Но к этому времени было уже так поздно, что толпа слушателей все-таки поредела. Многие ушли домой — они еле волочили ноги, в ушах у них звенело. Часть знатных гостей дремала за столом, кое-кто из менее важных заснул на пороге или на полу у стены. Некоторые спали во дворе, слышно было, как они храпят; иногда кто-то из вельмож сонно клевал носом на своем почетном месте, но тут же, встрепенувшись, поднимал мутный взгляд. Алкиной иногда опускал веки, но лицо его ни разу не приобрело сонного выражения, он просто освежал глаза темнотой, продолжая при этом слушать. Арета ненадолго вздремнула, но под конец сна у нее не было ни в одном глазу, а когда он, сам стараясь подавить зевоту, которая пыталась вторгнуться в его рассказ, повернулся к двери во внутренние покои, он увидел Навзикаю: сидя на пороге, она смотрела на него так пристально, как никто из собравшихся. Ее сияющие глаза были полны ожидания.

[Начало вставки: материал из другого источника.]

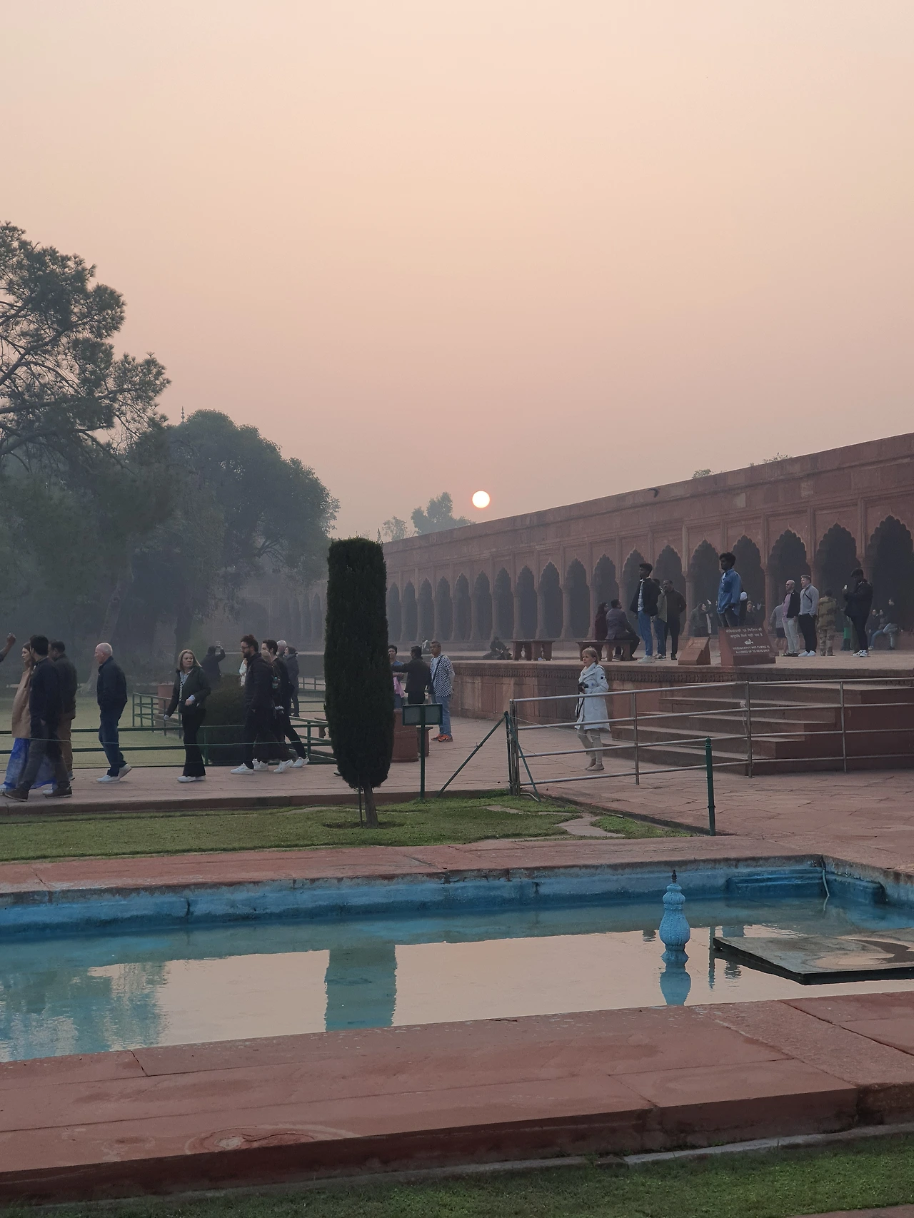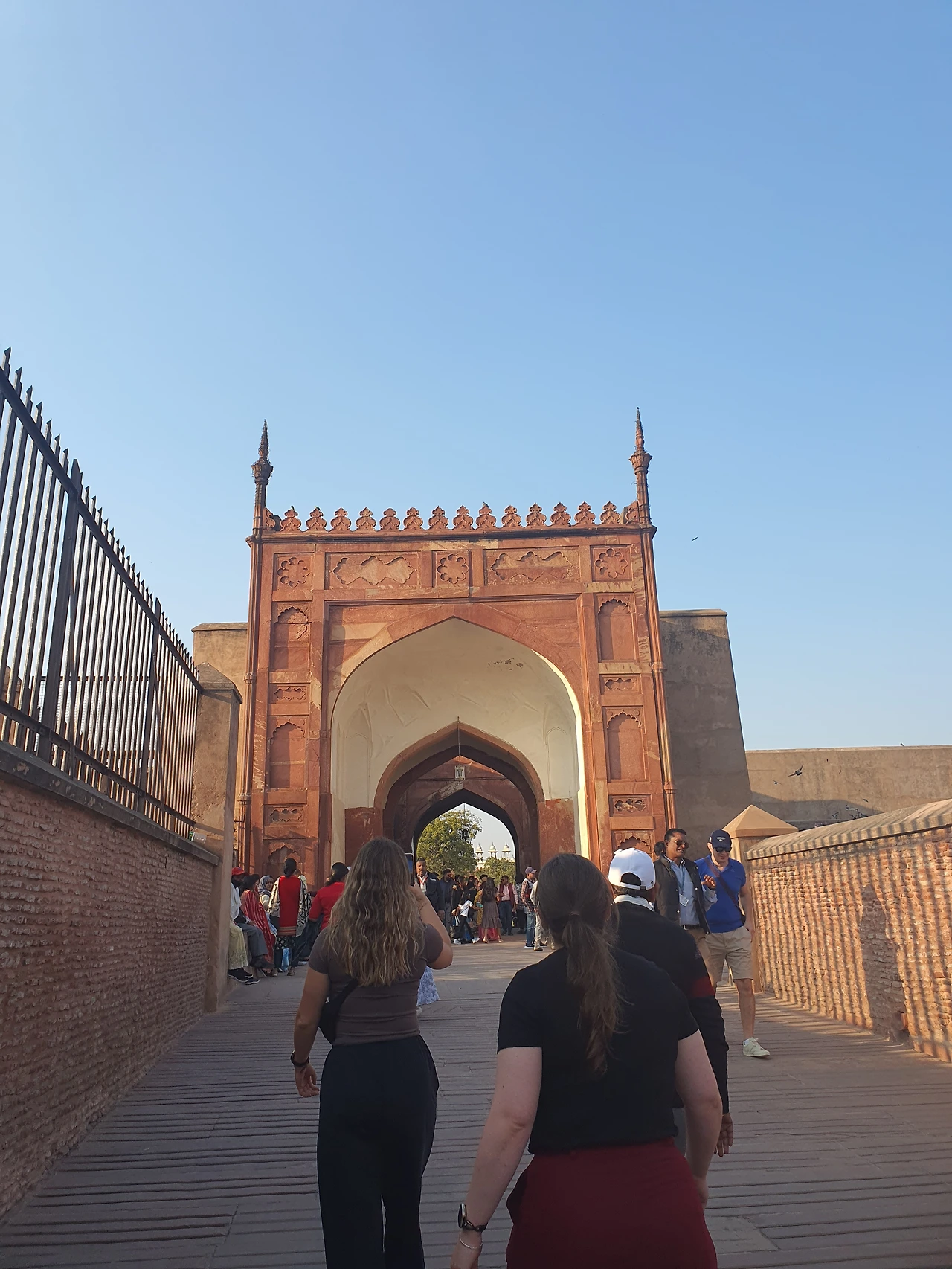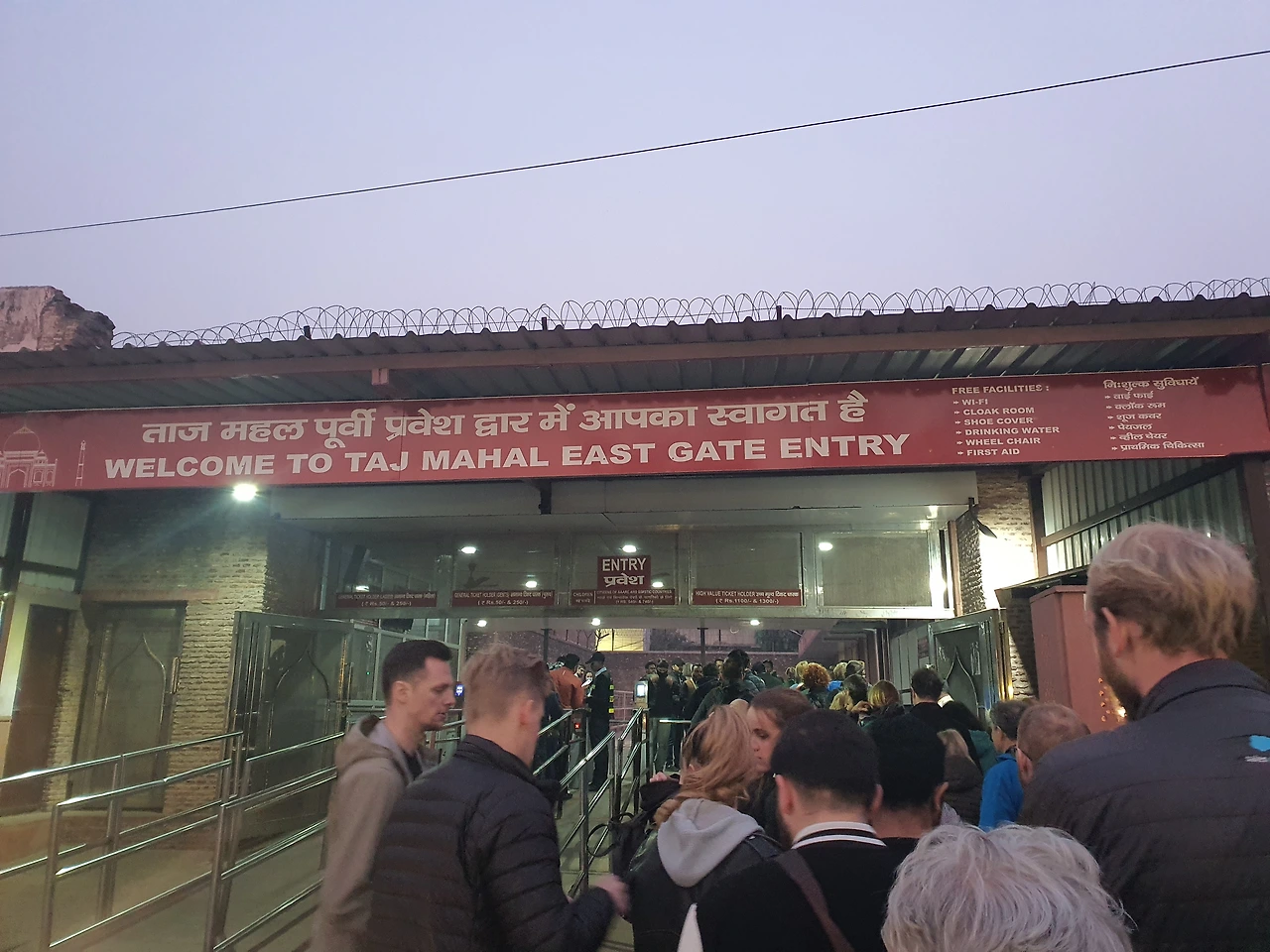 새벽부터 일어나 도착한 타지마할 입구엔 이미 많은 관광객들이 즐비해있었다. 어스름하고 해가 뜨기 전 여명 속에서 타지마할 입구에 도착했다. 모든 게 완벽했다. 타지마할의 입구인 파라다이스 게이트가 액자가 되어 그 안으로 보이던 타지마할의 아름다움은 너무나도 황홀했고, 가이드가 설명해주던 파라다이스 게이트의 의미는 감동적이었지만 듣는 내내 무척 배가 아파졌다.

Он рассказывал о том, как его товарищи, герои, плыли, боролись и терпели лишения в течение многих месяцев, а может, даже в течение трех лет, ради того, чтобы вернуться домой к своим женам, детям, родителям, к своим стадам и клочкам земли; как они, нагруженные, даже перегруженные славой, с именами, уже навечно запечатленными в песнях, с натруженными до мозолей и трещин, но пустыми руками, нередко с пустыми желудками и взглядом, рвались к недостижимому миру и счастью. Никогда не пришлось им увидеть богатый пшеницей Дулихий, утесистый Зам или лесистый Закинф или Итаку, бывшую для них пупом земли.
В этой, самой последней, части своего рассказа он не старался уже следовать какому-то определенному плану, потешать или пугать своих слушателей. Слова лились из него, как вода из ванны, если вытащить затычку, или как из амфоры льется густое темное неразбавленное вино. Он уже не шутил с богами, не оскорблял их, но и не пресмыкался перед ними. Он отодвинул их в сторону как нечто несущественное, и последним из них был Гелиос. Он предоставил разъяренному богу покарать мореходов, забивших и съевших его быков, и сделал он это, чтобы мораль пришлась по душе Алкиною. И больше о богах не упоминал. Судьба его спутников определилась. Он не долго рассуждал о них, не порицал своих товарищей слишком строго, он просто сказал: такова была их судьба. Такова была воля Посейдона, Зевса и Гелиоса — люди погибли. Он сказал:
— Поднялась буря. Нас снова отнесло в водоворот. Между Треугольным островом, или, если угодно, Островом Трех мысов, и Большой землей наше судно перевернулось. Спасся я один. Остальные утонули. Девять суток мчало меня на запад, на самый край земли к стране Гесперид, за пределы страны Гесперид, во владения Атланта, к испанским землям. На десятые сутки меня выбросило на сушу на остров Огигию, где жила нимфа Калипсо. Но о ней я не хочу говорить.
Он очертил вокруг себя круг: ряд приключений был движением по кругу; при этом половина его "я" двигалась по ободку, по внешней стороне круга — то был мореплаватель, а вторая половина оставалась в центре — наблюдатель.
— Я получил весть, — сказал он. — То говорило внутреннее побуждение, то есть нет, то говорил Гермес. Семнадцать, а может быть, восемнадцать суток плыл я из Огигии и очутился здесь. Вот, собственно, и все.
Он умолк. Пустой кубок упал на пол и с гулким звоном покатился по каменным плитам. Люди вздернули подбородки, очнулись — кто от слушания, кто от дремоты. На дворе зашевелились, зашлепали босые ступни, застучали сандалии. Заплакал ребенок, женский голос стал его успокаивать. В черный дверной проем сунулись чьи-то головы, кто-то спросил: «Это конец?» Алкиной вопросительно взглянул на Странника, тот сидел, закрыв глаза. Тогда Алкиной кивнул выглядывавшим из темноты.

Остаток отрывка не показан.